25 April 2008

The Legendary Origins and Character of the Huns - Jordanes

"We learn from old traditions that their origin was as follows: Filimer, king of the Goths... found among his people certain witches, whom he called in his native tongue Haliurunnae. Suspecting these women, he expelled them from the midst of his race and compelled them to wander in solitary exile afar from his army."
The best English definition of "haliurunnae" is along the lines of "crazy bitches", "ugly bitches", or "really, really disliked bitches".
"There the unclean spirits, who beheld them as they wandered through the wilderness, bestowed their embraces upon them and begat the savage race, which dwelt at first in the swamps, a stunted, foul and puny tribe..."
I might go protest the ignored problem of acquaintance-embrace bestowal with the Women's Center next week.
"For by the terror of their features they inspired great fear in those whom perhaps they did not really surpass in war."
The John Brown theory of battle.
"They made their foes flee in horror because their swarthy aspect was fearful, and they had, if I may call it so, a sort of shapeless lump, not a head, with pin-holes rather than eyes."
Visual aid.
"...they cut the cheeks of the male [infants] with a sword, so that before they receive the nourishment of milk they must learn to endure wounds. Hence they grow old beardless and their young men are without comeliness, because a face furrowed by the sword spoils by its scars the natural beauty of a beard."
Because the problem with slicing open the faces of babies is that it renders them unable to grow facial hair. This is the kind of historian I want to be when I grow up.


David Wagner said...

1. Re the visual aid, I have, in fact, occasionally heard Huns described as "cat-faced." (No cites at hand, at least not without work.)

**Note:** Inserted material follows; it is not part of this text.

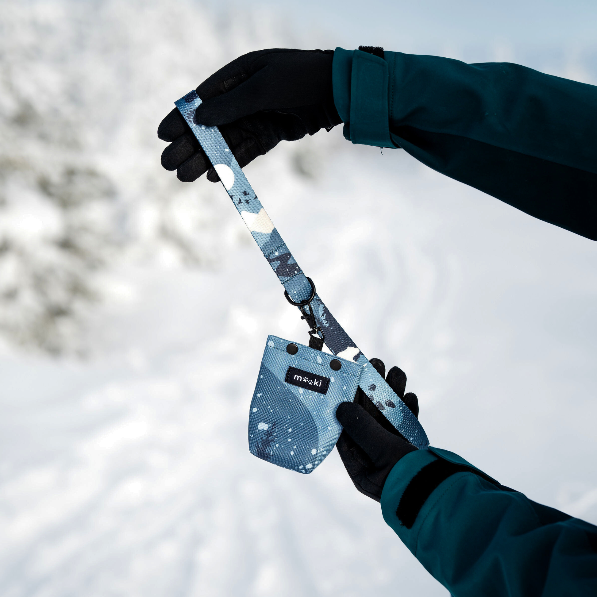 - Możliwość przyczepienia: etui wyposażono w niewielki karabińczyk umożliwiający przyczepienie do półkółka przy smyczy.

2. Those Strange Hats in the picture -- did the Mongols (= East Huns: you know that) invent fur-edged toppers? Is the "Crown of Monomakh" of unacknowledged Mongol origin?

TKB said...

Re #2: Oh, probably. Tons of people have commented, for example, on the Asian look of Ivan IV in many portraits and engravings (Repin shows this well in the famous one of him and his son, although that's a 19th century work... Interesting comparison here: http://www.geocities.com/normlaw/kaftan.gif of note, of course, are the fastenings on the Russian's kaftan- very eastern.

Also, stuff like this: http://www.uni-duisburg.de/FB3/ROMANISTIK/PERSONAL/Fricke/brosch1999/Kaftan.JPG
is actually Persian/Moroccan, but could be used very effectively for a medieval Russian costume...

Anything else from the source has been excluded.